Morgan Stanley's Qing Wang argues that an exit of renminbi from the US$ peg will come most likely in the Summer of 2010 (early Q3) involving a one-off revaluation of 2-3%, followed by gradual appreciation for a total strengthening of 4-5% in 2010. China is likely to exit the peg given its role in reducing imported inflation, because a free and open trade system is in China's interest, helps rebalance the domestic economy towards the non-tradable sector, and to move to a more flexible exchange rate needed for independent monetary policy. A move in July gives the U.S. administration the ability to claim successful diplomacy and Chinese to show their global responsibility before the November G20 meeting.

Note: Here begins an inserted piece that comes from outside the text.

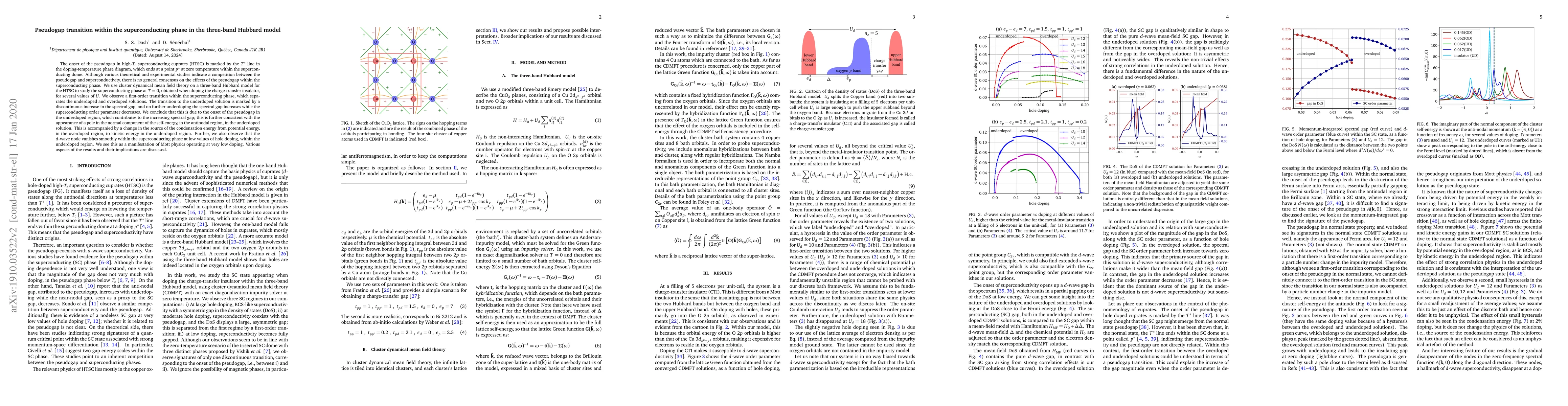 The onset of the pseudogap in high-$T_c$ superconducting cuprates (HTSC) is marked by the $T^*$ line in the doping-temperature phase diagram, which ends at a point $p^*$ at zero temperature within the superconducting dome. Although various theoretical and experimental studies indicate a competition between the pseudogap and superconductivity, there is no general consensus on the effects of the pseudogap within the superconducting phase. We use cluster dynamical mean field theory on a three-band Hubbard model for the HTSC to study the superconducting phase at $T=0$, obtained when doping the charge-transfer insulator, for several values of $U$. We observe a first-order transition within the superconducting phase, which separates the underdoped and overdoped solutions. The transition to the underdoped solution is marked by a discontinuous increase in the spectral gap, and on further underdoping the spectral gap increases while the superconducting order parameter decreases. We conclude that this is due to the onset of the pseudogap in the underdoped region, which contributes to the increasing spectral gap; this is further consistent with the appearance of a pole in the normal component of the self-energy, in the antinodal region, in the underdoped solution. This is accompanied by a change in the source of the condensation energy from potential energy, in the overdoped region, to kinetic energy in the underdoped region. Further, we also observe that the $d$-wave node vanishes smoothly within the superconducting phase at low values of hole doping, within the underdoped region. We see this as a manifestation of Mott physics operating at very low doping. Various aspects of the results and their implications are discussed.

On April 8, 2010, the People's Bank of China sold RMB15 billion in three-year sterilization bills, the first batch since June 2008. The three-year bills are considered a more aggressive tool for managing liquidity, and may signal that the central bank is preparing to sterilize "hot money" inflows betting on RMB appreciation.
Greater CNY flexibility may lead to some initial nominal appreciation against G3. Other Asian currencies – especially those that are regarded as proxies for Chinese growth and commodity demand (AUD) - or non-FX assets in China (e.g., Shanghai A-share Index) may end up attracting greater inflows and seeing a bigger price action.
The expectation that a stronger CNY will support China’s demand for imports (including from the rest of Asia) can be beneficial for Malaysian Ringgit, Korean Won and Taiwan Dollar. Central banks across Asia may also feel a bit less pressure to stem FX appreciation in order to maintain competitiveness. The entire playbook would favour going long on the following currencies for the rest of 2010: long CNY, KRW, MYR and INR. Short the EUR and JPY. That being the case, the natural long will see a boost in financial assets in those respective countries.